PROBLEM STATEMENT:
Find "Daniel Murray - a" in the material below, then write out that line and every line after it exactly, ending with the last one; skip the pictures.

DATASET EXCERPT:

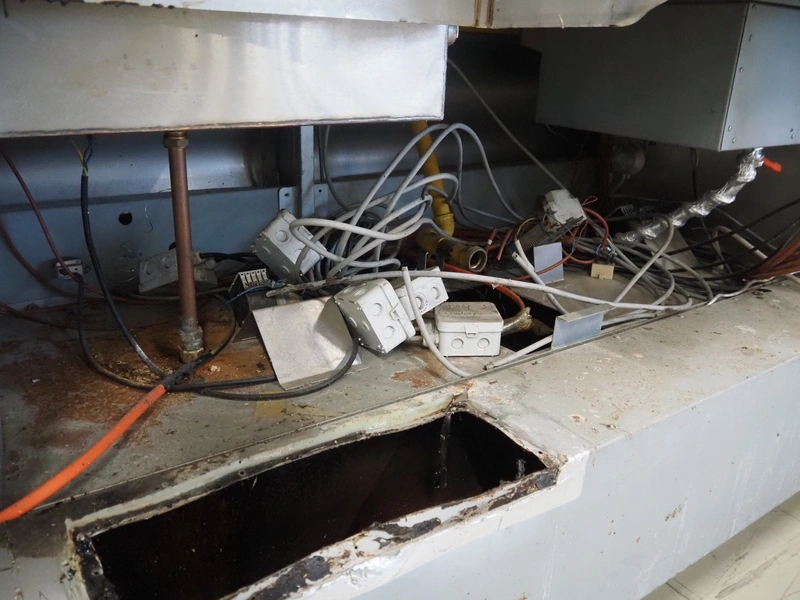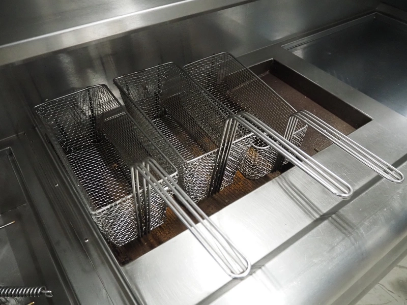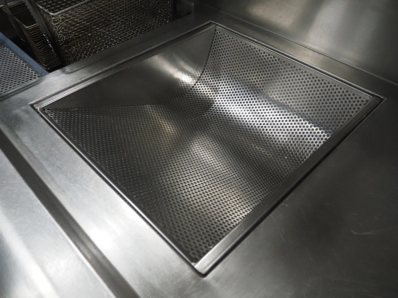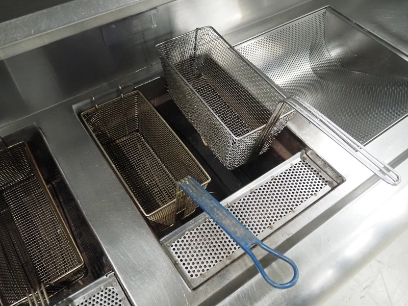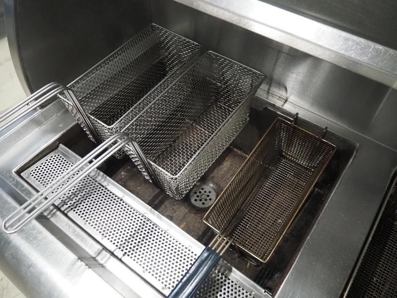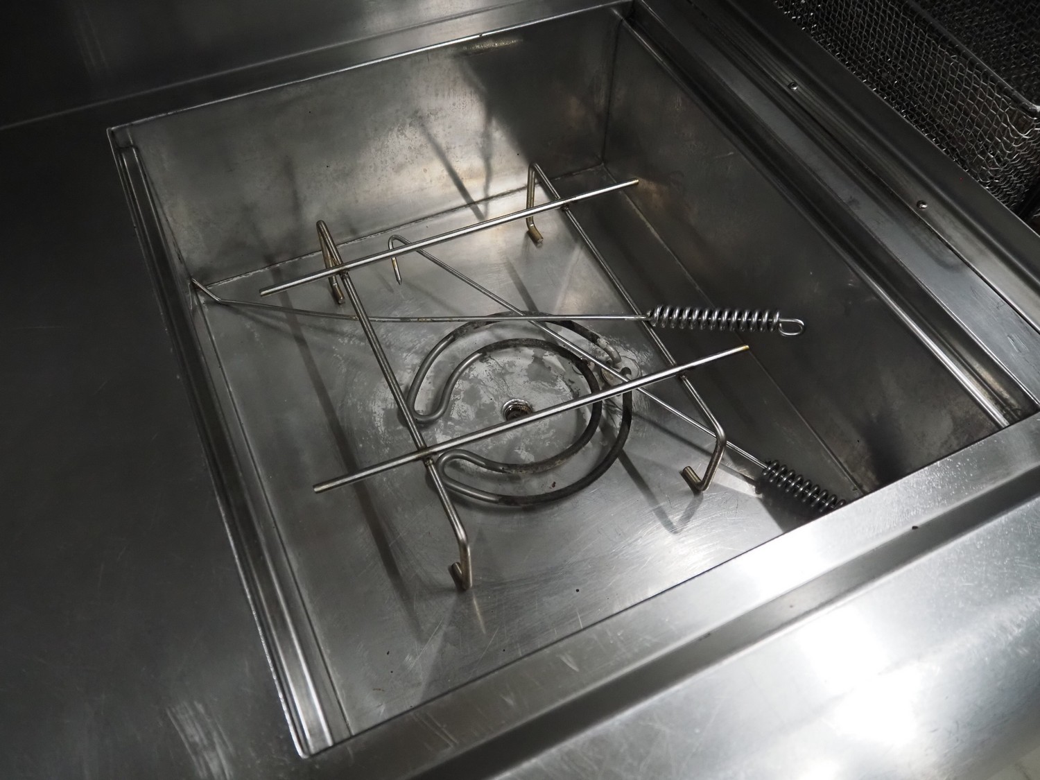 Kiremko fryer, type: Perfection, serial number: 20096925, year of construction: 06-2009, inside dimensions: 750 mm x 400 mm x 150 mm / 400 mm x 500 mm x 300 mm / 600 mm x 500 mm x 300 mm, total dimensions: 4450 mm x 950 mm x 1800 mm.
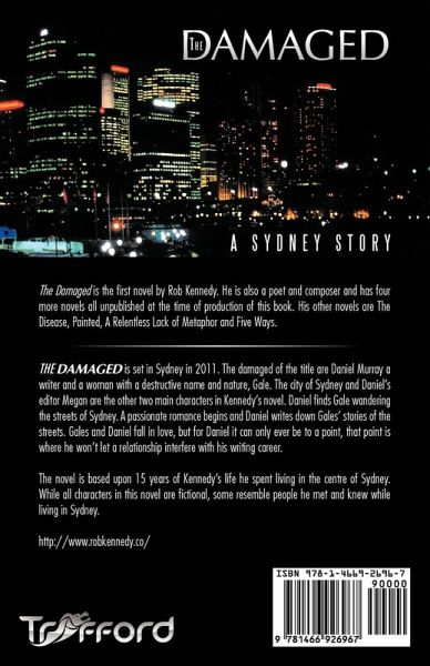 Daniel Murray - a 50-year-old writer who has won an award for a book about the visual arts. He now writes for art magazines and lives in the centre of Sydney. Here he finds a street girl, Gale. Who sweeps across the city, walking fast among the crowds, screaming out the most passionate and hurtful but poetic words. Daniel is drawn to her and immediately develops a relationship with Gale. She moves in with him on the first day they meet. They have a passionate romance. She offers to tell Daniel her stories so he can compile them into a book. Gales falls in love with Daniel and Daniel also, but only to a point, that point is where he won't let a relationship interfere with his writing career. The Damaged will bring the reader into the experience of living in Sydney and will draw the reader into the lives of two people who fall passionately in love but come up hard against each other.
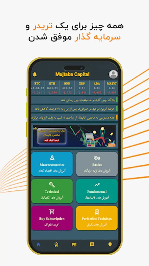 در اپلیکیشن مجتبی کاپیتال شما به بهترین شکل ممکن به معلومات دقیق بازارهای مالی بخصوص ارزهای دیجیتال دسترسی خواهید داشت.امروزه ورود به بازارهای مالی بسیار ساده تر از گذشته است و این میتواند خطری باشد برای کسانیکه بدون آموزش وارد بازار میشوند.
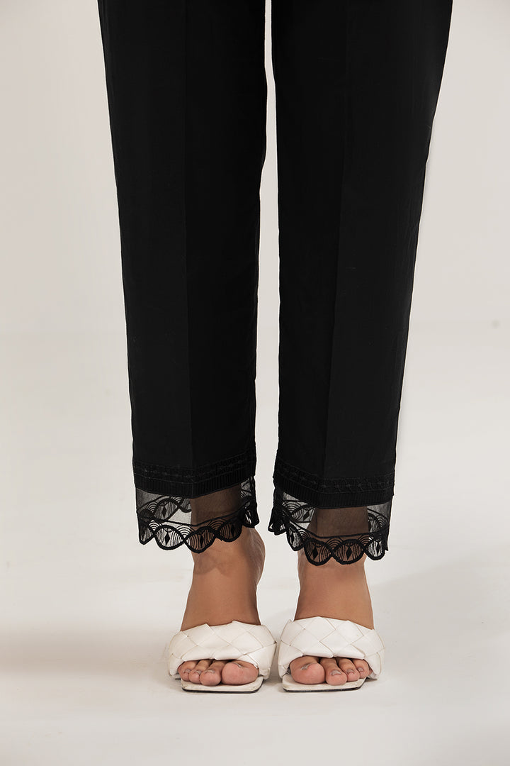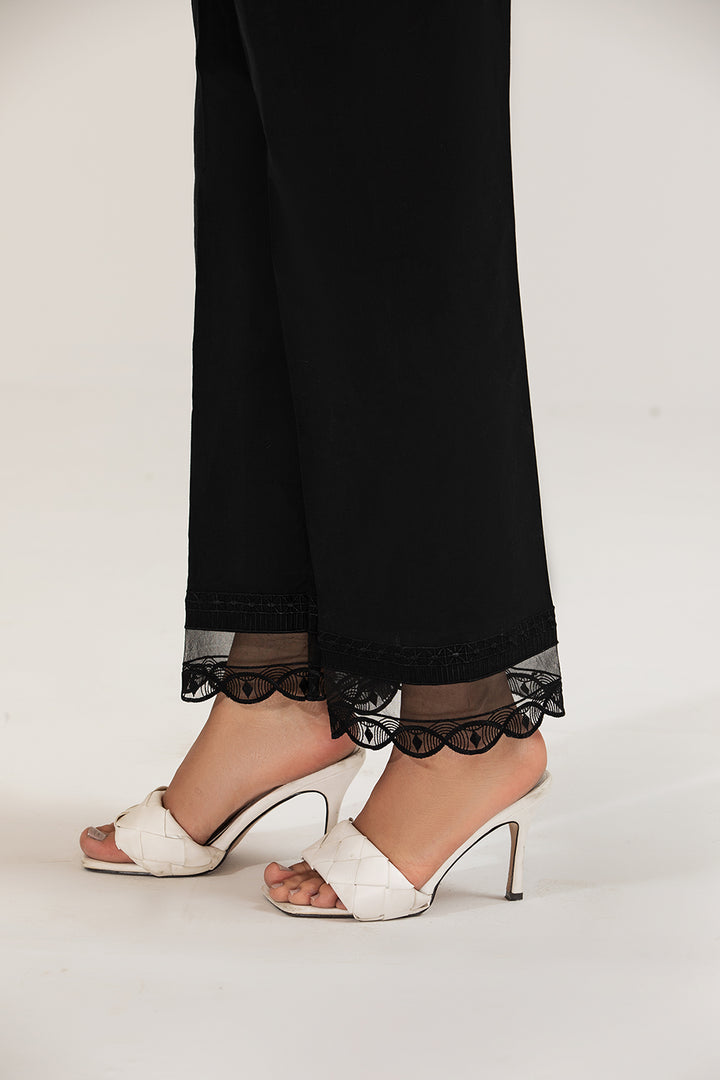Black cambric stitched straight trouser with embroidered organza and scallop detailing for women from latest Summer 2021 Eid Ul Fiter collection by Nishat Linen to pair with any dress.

EXERCISE RESULT:
 Daniel Murray - a 50-year-old writer who has won an award for a book about the visual arts. He now writes for art magazines and lives in the centre of Sydney. Here he finds a street girl, Gale. Who sweeps across the city, walking fast among the crowds, screaming out the most passionate and hurtful but poetic words. Daniel is drawn to her and immediately develops a relationship with Gale. She moves in with him on the first day they meet. They have a passionate romance. She offers to tell Daniel her stories so he can compile them into a book. Gales falls in love with Daniel and Daniel also, but only to a point, that point is where he won't let a relationship interfere with his writing career. The Damaged will bring the reader into the experience of living in Sydney and will draw the reader into the lives of two people who fall passionately in love but come up hard against each other.
 در اپلیکیشن مجتبی کاپیتال شما به بهترین شکل ممکن به معلومات دقیق بازارهای مالی بخصوص ارزهای دیجیتال دسترسی خواهید داشت.امروزه ورود به بازارهای مالی بسیار ساده تر از گذشته است و این میتواند خطری باشد برای کسانیکه بدون آموزش وارد بازار میشوند.
Black cambric stitched straight trouser with embroidered organza and scallop detailing for women from latest Summer 2021 Eid Ul Fiter collection by Nishat Linen to pair with any dress.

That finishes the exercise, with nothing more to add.